## Data excerpt

--- START ---

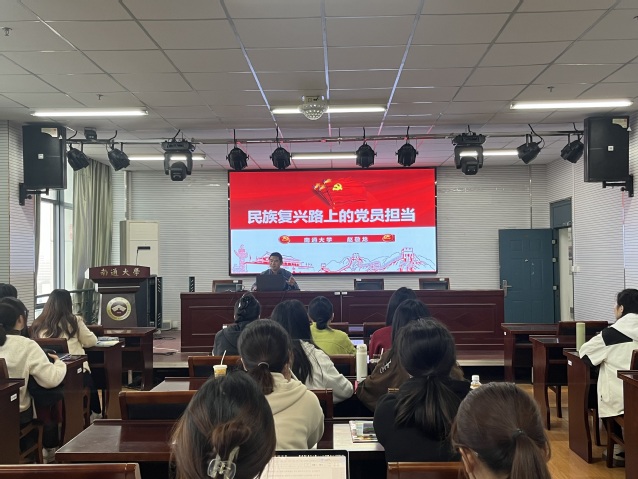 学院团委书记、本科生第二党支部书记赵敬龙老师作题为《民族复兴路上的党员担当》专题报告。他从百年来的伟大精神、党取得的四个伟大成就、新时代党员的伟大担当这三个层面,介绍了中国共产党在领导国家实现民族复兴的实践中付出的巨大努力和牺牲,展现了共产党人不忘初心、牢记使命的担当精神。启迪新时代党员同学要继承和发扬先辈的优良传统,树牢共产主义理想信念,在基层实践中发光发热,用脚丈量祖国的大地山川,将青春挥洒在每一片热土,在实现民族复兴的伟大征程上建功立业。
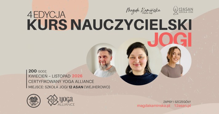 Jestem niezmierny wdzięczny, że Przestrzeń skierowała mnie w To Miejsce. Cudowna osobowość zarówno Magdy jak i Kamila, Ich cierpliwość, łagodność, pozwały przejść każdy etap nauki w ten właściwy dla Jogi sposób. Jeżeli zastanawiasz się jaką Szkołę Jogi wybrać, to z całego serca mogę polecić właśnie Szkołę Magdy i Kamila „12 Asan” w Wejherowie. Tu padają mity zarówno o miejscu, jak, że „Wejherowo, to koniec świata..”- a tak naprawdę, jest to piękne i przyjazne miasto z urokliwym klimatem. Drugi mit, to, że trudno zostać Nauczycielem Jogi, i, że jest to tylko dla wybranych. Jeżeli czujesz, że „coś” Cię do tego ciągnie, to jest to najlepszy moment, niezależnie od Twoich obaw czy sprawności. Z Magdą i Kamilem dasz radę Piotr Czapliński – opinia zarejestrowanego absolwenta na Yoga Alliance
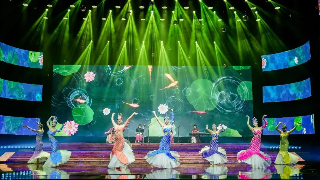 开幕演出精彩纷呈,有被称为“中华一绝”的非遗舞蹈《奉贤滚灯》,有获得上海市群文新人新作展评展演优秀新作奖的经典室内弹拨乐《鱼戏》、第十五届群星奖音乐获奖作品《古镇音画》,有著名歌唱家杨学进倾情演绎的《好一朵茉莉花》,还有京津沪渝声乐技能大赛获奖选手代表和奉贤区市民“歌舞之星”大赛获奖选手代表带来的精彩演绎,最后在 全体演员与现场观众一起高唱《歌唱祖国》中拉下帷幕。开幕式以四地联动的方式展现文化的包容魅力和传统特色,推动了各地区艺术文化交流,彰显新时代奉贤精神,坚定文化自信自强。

--- END ---

## What is being asked
Pictures are to be dropped, and the remaining data set down exactly.

## Response to the task
 学院团委书记、本科生第二党支部书记赵敬龙老师作题为《民族复兴路上的党员担当》专题报告。他从百年来的伟大精神、党取得的四个伟大成就、新时代党员的伟大担当这三个层面,介绍了中国共产党在领导国家实现民族复兴的实践中付出的巨大努力和牺牲,展现了共产党人不忘初心、牢记使命的担当精神。启迪新时代党员同学要继承和发扬先辈的优良传统,树牢共产主义理想信念,在基层实践中发光发热,用脚丈量祖国的大地山川,将青春挥洒在每一片热土,在实现民族复兴的伟大征程上建功立业。
 Jestem niezmierny wdzięczny, że Przestrzeń skierowała mnie w To Miejsce. Cudowna osobowość zarówno Magdy jak i Kamila, Ich cierpliwość, łagodność, pozwały przejść każdy etap nauki w ten właściwy dla Jogi sposób. Jeżeli zastanawiasz się jaką Szkołę Jogi wybrać, to z całego serca mogę polecić właśnie Szkołę Magdy i Kamila „12 Asan” w Wejherowie. Tu padają mity zarówno o miejscu, jak, że „Wejherowo, to koniec świata..”- a tak naprawdę, jest to piękne i przyjazne miasto z urokliwym klimatem. Drugi mit, to, że trudno zostać Nauczycielem Jogi, i, że jest to tylko dla wybranych. Jeżeli czujesz, że „coś” Cię do tego ciągnie, to jest to najlepszy moment, niezależnie od Twoich obaw czy sprawności. Z Magdą i Kamilem dasz radę Piotr Czapliński – opinia zarejestrowanego absolwenta na Yoga Alliance
 开幕演出精彩纷呈,有被称为“中华一绝”的非遗舞蹈《奉贤滚灯》,有获得上海市群文新人新作展评展演优秀新作奖的经典室内弹拨乐《鱼戏》、第十五届群星奖音乐获奖作品《古镇音画》,有著名歌唱家杨学进倾情演绎的《好一朵茉莉花》,还有京津沪渝声乐技能大赛获奖选手代表和奉贤区市民“歌舞之星”大赛获奖选手代表带来的精彩演绎,最后在 全体演员与现场观众一起高唱《歌唱祖国》中拉下帷幕。开幕式以四地联动的方式展现文化的包容魅力和传统特色,推动了各地区艺术文化交流,彰显新时代奉贤精神,坚定文化自信自强。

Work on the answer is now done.